◆ **WORK INSTRUCTION**:
Copy nothing but the lines below, from the one with "VENDEN LANGOSTINOS en 5 kilos por 100 pesos." through the one with "1 LE LOISIR GRAND PUBLIC", exactly as written; no pictures should appear.

◆ **EXERCISE INPUTS**:
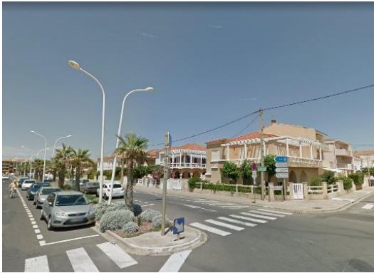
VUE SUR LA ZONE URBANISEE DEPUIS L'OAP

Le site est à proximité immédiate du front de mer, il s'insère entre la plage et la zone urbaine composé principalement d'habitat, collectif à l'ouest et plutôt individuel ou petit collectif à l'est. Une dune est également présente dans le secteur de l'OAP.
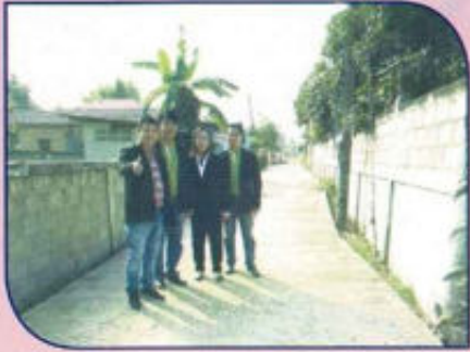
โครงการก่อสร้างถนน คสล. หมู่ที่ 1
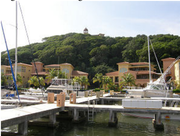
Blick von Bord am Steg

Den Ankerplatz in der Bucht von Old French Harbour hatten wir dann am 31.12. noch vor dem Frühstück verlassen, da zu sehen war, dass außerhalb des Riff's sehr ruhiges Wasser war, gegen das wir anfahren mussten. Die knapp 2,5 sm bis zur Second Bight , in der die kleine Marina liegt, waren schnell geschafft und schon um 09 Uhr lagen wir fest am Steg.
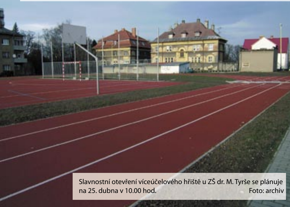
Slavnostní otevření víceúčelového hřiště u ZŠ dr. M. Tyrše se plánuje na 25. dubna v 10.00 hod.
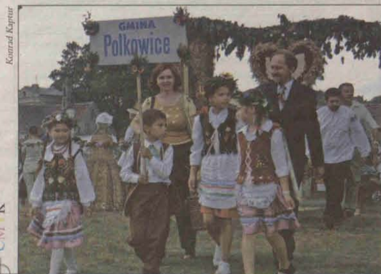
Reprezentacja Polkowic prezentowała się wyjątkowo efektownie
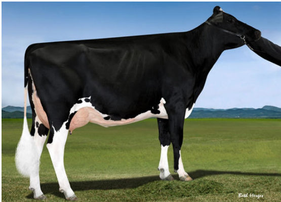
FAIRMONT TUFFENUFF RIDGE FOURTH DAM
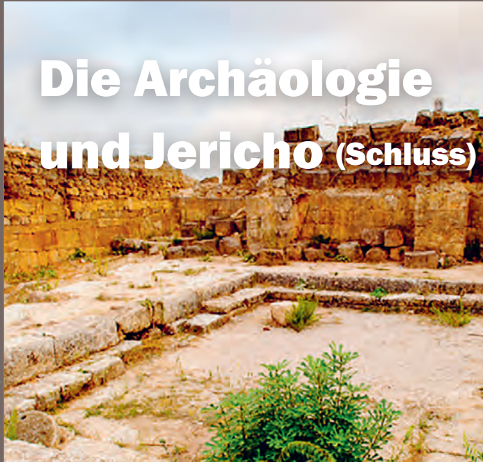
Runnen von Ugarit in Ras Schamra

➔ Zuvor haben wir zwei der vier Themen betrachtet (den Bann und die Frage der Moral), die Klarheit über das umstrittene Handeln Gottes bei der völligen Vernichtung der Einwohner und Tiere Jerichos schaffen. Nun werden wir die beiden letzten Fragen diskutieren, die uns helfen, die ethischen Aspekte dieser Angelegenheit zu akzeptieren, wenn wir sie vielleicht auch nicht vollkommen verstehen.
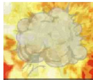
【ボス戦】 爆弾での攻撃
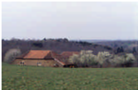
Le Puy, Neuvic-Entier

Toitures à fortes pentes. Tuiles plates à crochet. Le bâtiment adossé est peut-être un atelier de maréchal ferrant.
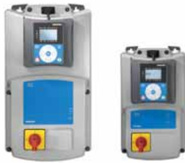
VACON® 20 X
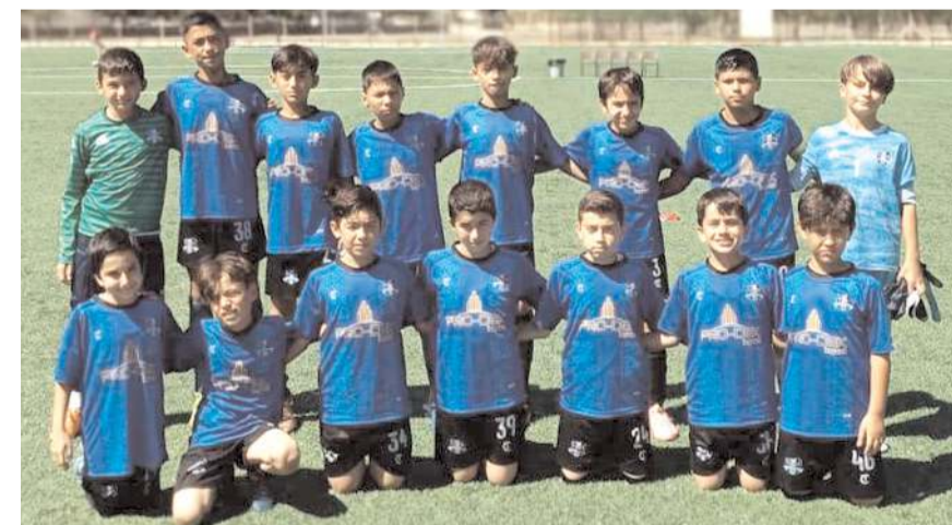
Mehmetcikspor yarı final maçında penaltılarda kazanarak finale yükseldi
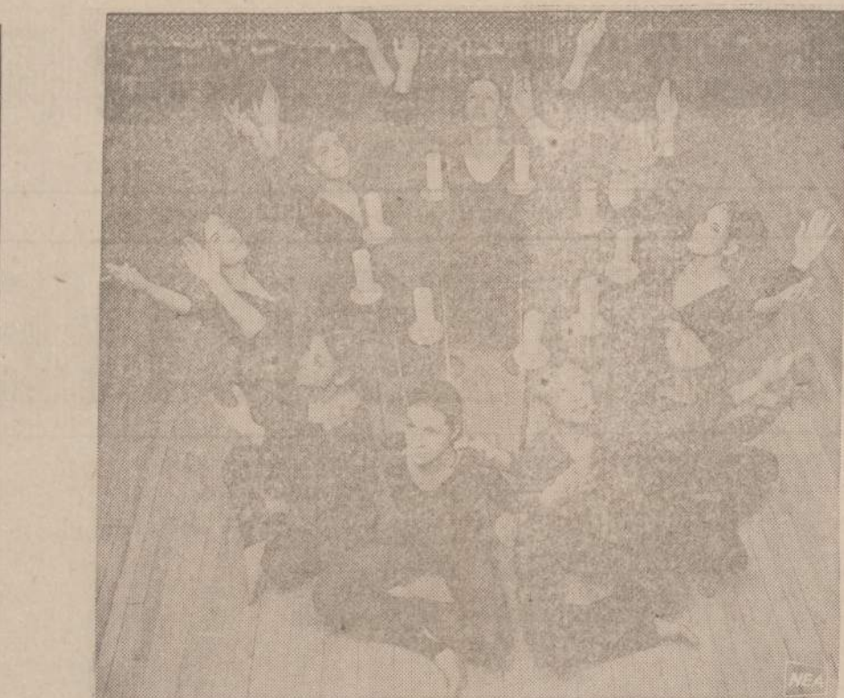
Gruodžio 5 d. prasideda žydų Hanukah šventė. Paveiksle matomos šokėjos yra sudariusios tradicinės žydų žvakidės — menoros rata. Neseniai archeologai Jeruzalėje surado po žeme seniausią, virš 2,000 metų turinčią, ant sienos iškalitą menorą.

...

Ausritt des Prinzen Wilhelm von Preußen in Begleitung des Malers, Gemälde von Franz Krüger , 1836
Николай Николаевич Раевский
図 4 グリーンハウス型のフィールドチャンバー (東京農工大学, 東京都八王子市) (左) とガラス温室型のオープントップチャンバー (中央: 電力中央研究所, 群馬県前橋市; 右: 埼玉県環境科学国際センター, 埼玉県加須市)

==

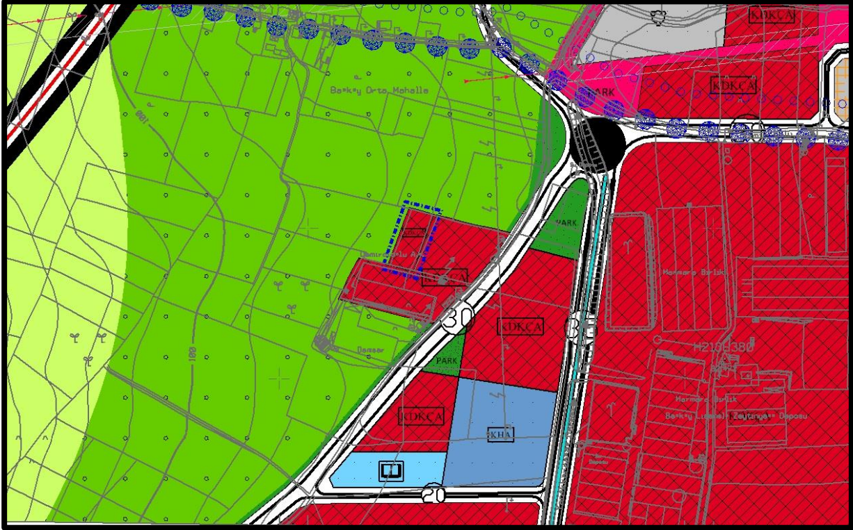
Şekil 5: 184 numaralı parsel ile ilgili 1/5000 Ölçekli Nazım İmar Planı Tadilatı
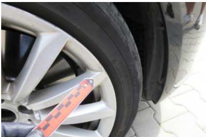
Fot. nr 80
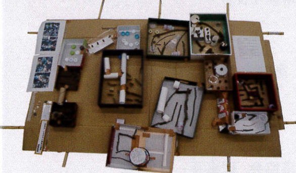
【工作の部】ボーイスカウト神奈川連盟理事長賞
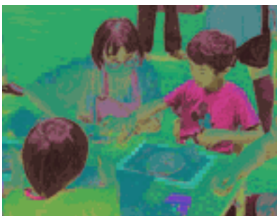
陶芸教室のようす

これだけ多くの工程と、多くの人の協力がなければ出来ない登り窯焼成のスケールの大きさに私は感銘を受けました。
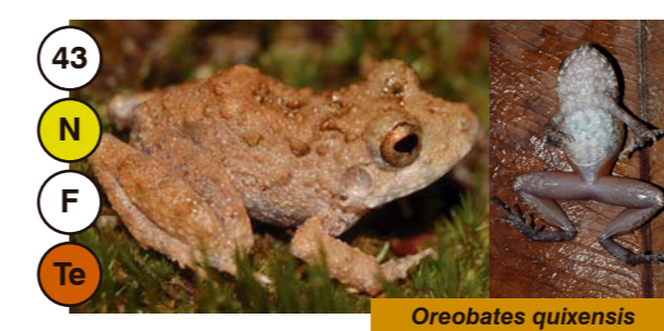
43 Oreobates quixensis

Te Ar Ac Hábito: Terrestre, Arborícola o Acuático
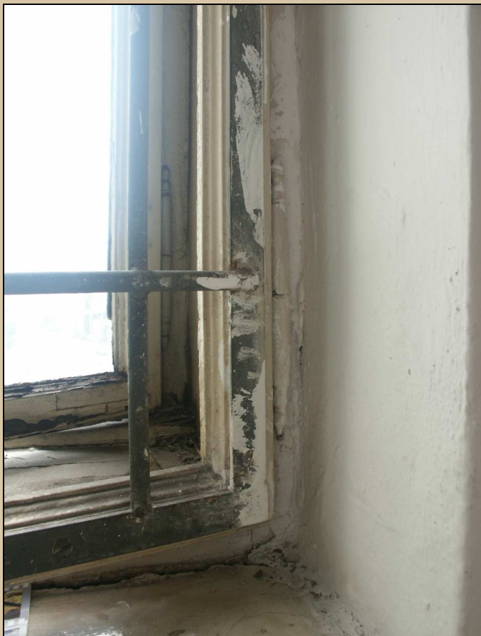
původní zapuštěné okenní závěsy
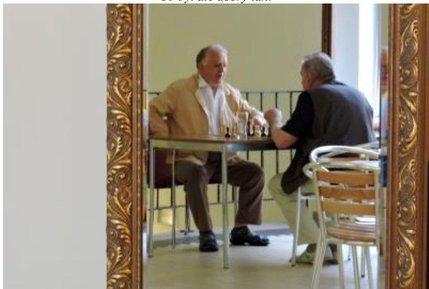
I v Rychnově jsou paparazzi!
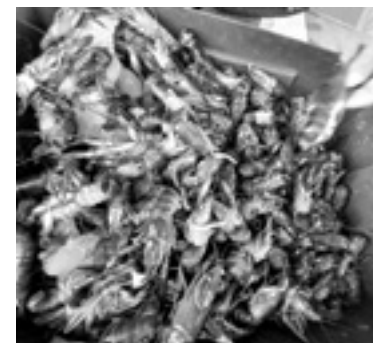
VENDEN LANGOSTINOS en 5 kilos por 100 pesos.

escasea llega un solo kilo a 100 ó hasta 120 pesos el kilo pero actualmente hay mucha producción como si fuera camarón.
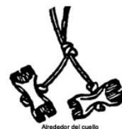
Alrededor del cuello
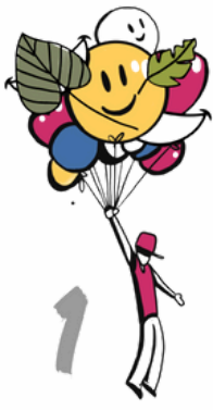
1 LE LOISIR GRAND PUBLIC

◆ **EXERCISE ANSWER**:
VENDEN LANGOSTINOS en 5 kilos por 100 pesos.

escasea llega un solo kilo a 100 ó hasta 120 pesos el kilo pero actualmente hay mucha producción como si fuera camarón.
Alrededor del cuello
1 LE LOISIR GRAND PUBLIC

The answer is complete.